Asset valuation, critical for successful investing, requires identifying what determines "market" value.

What, then, is market value?

There is alpha, beta, and what I call "gamma" risk.

Political economists utilize analytical modeling to achieve predictive utility. If predictive accuracy is lacking, it is probably due to using the wrong analytical model. Error is likely reduced by changing the analytical model being applied. Actors in the marketplace are unlikely to switch practical models because modeling provides predictable results and also satisfies consistent philosophical considerations to achieve a normative legitimacy of the means and ends that also affects the outcome in some very unpredictable ways.

Actors in the marketplace are likely to have a consistent application of a practical model to reduce the probability of outcomes to what appear to be random variables that are usually a "gama" risk. The gama risk is reduced to a political gaming of economic variables to produce a predictable outcome that has a normative legitimacy. This does not mean that identifying the gama risk is not a technical function to be quantitatively ignored. That is a critical error. Rather, it is a technical function of properly applying an analytical model. Proper modeling renders what seems an inscrutable vectoring of willful actors and organized technologies into an easily predictable phenomenon at the micro or macro scale of analysis.

Much of the analysis at griffithlighton.blogspot.com, whether normative or technical, descriptive or prescriptive, proceeds from choosing an analytical model to not only accurately describe and explain valuations, whether moral or monetary, but to achieve a predictive utility.

It is a mistake to ignore moral valuations, for example. It is fundamental to practical modeling that is used to shape what "the market" determines to have value.
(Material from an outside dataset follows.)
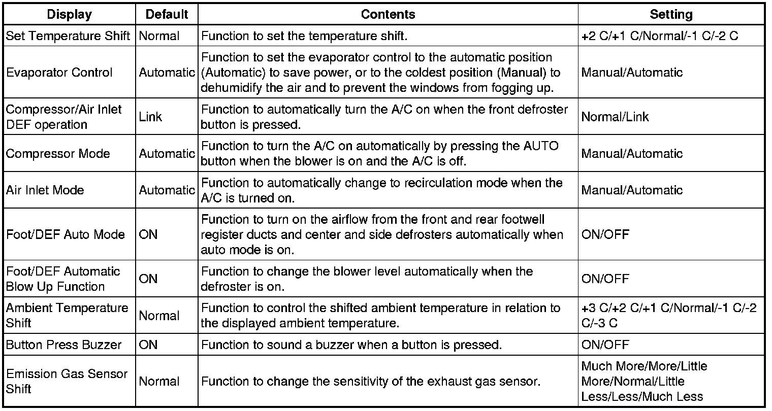 HEATING / AIR CONDITIONING: AIR CONDITIONING SYSTEM: CUSTOMIZE PARAMETERS

The public and private sectors operate with different normative properties that largely determines organizational, size, shape and cultural attributes that if not accurately modeled, a predictive utility will be achieved only by accident (randomness).

Where the public and private sectors intersect is where the gama risk essentially resides, and where the appropriate analytical modeling describes, explains and predicts what are normatively called "market distortions" that effect the outcome--what the value really is at any time. Recognizing the normative aspect of the gama risk technically reduces the error endemic to quantitative analysis and punctuated events of predictive failure.

Utilizing the appropriate practical, analytical model, for example, renders the current economic "crisis" not a crisis at all, but a fully expected, "normal" (normative) outcome. If it is expected, it could have been prevented, but that would require abandonment of the working practical model that determines the outcome. Not abandoning the model, and the expected outcome, is a normative consideration--because it would be the "wrong," the aberrant, thing to do; it would be impractical, and the normative consideration (the value it represents) is to be fully, analytically, expected with a technical value of about $4 trillion to date. The magnitude of this technical value, and the effects, like a public-private solution (the gama-risk valuation of assets), is too easily predictable as long as the analyst is willing to empirically apply the appropriate analytical model.

If the analyst considers the plans of Geitner and Bernanke a "market distortion" of valuation, it is a normative invocation of the pluralist model that does not predict the real (expected) value of the assets, but may very well suggest an expectation of value in the future based on the normative valuation (a retrace of the value). This suggests a mixed model in operation: an elitist and pluralist model in combination, rendering a bureaucratic analytical model of political economy. The analyst may hedge the gama risk utilizing this model (see the article, "Restructuring the Elements of Power" at griffithlighton.blogspot.com).